Mick Cash, general secretary of the Rail, Maritime and Transport (RMT) union, said its absolute priority at this stage is its members' jobs and their pension rights.

A Government spokeswoman said: "Carillion is a major supplier to the Government, with a number of long-term contracts.

"We are committed to maintaining a healthy supplier market and work closely with our key suppliers.

"The company has kept us informed of the steps it is taking to restructure the business.

"We remain supportive of their ongoing discussions with their stakeholders and await future updates on their progress."

The Pensions Regulator would not comment on whether it was attending specific meetings, but a spokesman said: "We have been and remain closely involved in discussions with Carillion and the trustees of the pension schemes as this situation has unfolded.

"We will not comment further unless it becomes appropriate to do so."

A spokesman from Carillion declined to comment.

Meanwhile Ministers from across the Government have met to discuss the plight of Carillion amid fears it is close to collapse.

Cabinet Office minister David Lidington hosted the summit of senior figures including Business Secretary Greg Clark and Chief Secretary to the Treasury Liz Truss.

Ministers from the Justice, Transport, Culture, Health, Education and Communities departments and ministries were also present, the Financial Times reported.

The Cabinet Office insisted it would not provide a "running commentary" on Carillion.

Carillion has struggled since reporting half-year losses of £1.15 billion.

Its share price plummeted 90 per cent after announcing its first profit warning in July last year.

They also slumped following the company's decision to breach debt covenants along with another profit warning in November, reporting annual profits are forecast to be "materially lower than current market expectations".

Major supplier

A Government spokeswoman said: "Carillion is a major supplier to the Government with a number of long-term contracts.

"We are committed to maintaining a healthy supplier market and work closely with our key suppliers.

"The company has kept us informed of the steps it is taking to restructure the business.

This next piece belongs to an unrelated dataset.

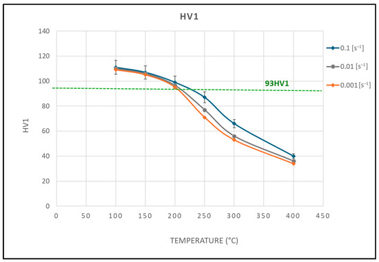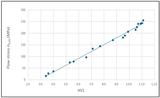 Plotting the flow stress, σ0.04, as a function of the hardness, a very good linear correlation is found, as shown in Figure 7. This confirms that the flow stress is representative of the alloy plastic strength, as influenced by temperature and strain rate.
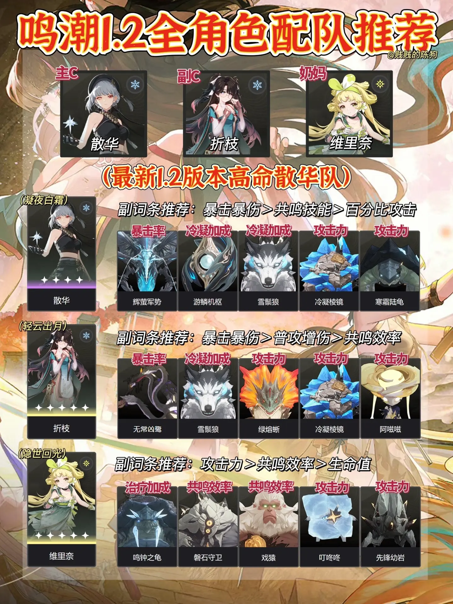 鸣潮|最新1.2版本全角色配队推荐!速来。鸣潮 鸣潮折枝 鸣潮攻略 鸣潮创作者激励计划 鸣潮配队 目前最佳配队:今汐、折枝、维里奈 可以把吟霖留给下版本的相里要了~

"We remain supportive of their ongoing discussions with their stakeholders and await future updates on their progress."

Meanwhile the union Unite is calling on the Government to consider all possible options including bringing contracts in-house, as doubts continue to grow over the future of troubled construction and outsourcing giant Carillion.

The company employs more than 20,000 workers and there are many more workers reliant on the company’s future in its supply chains.

Unite represents more than 1,000 workers at the company and has many more members in the supply chain.

Aside from its construction business the company has many outsourced public sector contracts in health, education, the prison service and local authorities. It also has contracts in many other industrial sectors.

Consider all options

Unite said that despite the Government having said that it has contingency plans should Carillion collapse it believes it must go further and make clear that it is considering all options. This should include the possibility of bringing contracts back in-house.

Unite also believes that if the Government provides any financial assistance or guarantees loans to Carillion, there must be an assurance that workers in the supply chain are protected. Carillion employs very few construction workers on its new build developments, instead relying on sub-contractors and agency labour.

Unite received assurances from Carillion after the company’s share price plunge last November and was assured there was nothing to be concerned about.

Unite assistant general secretary Gail Cartmail, said: “The Government must consider all options while the future of Carillion hangs in the balance, including bringing contracts back in-house.

“If taxpayer’s money is used to fund corporate mismanagement then the Government should be looking to ensure that public sector contracts are brought back in-house at the earliest possible opportunity.

“If the Government is forced to institute a rescue package they need to also ensure that the supply chain is fully protected as many of these workers lack even the protection of basic employment rights, as they are employed on a bogus self-employed basis, through agencies and via umbrella companies.”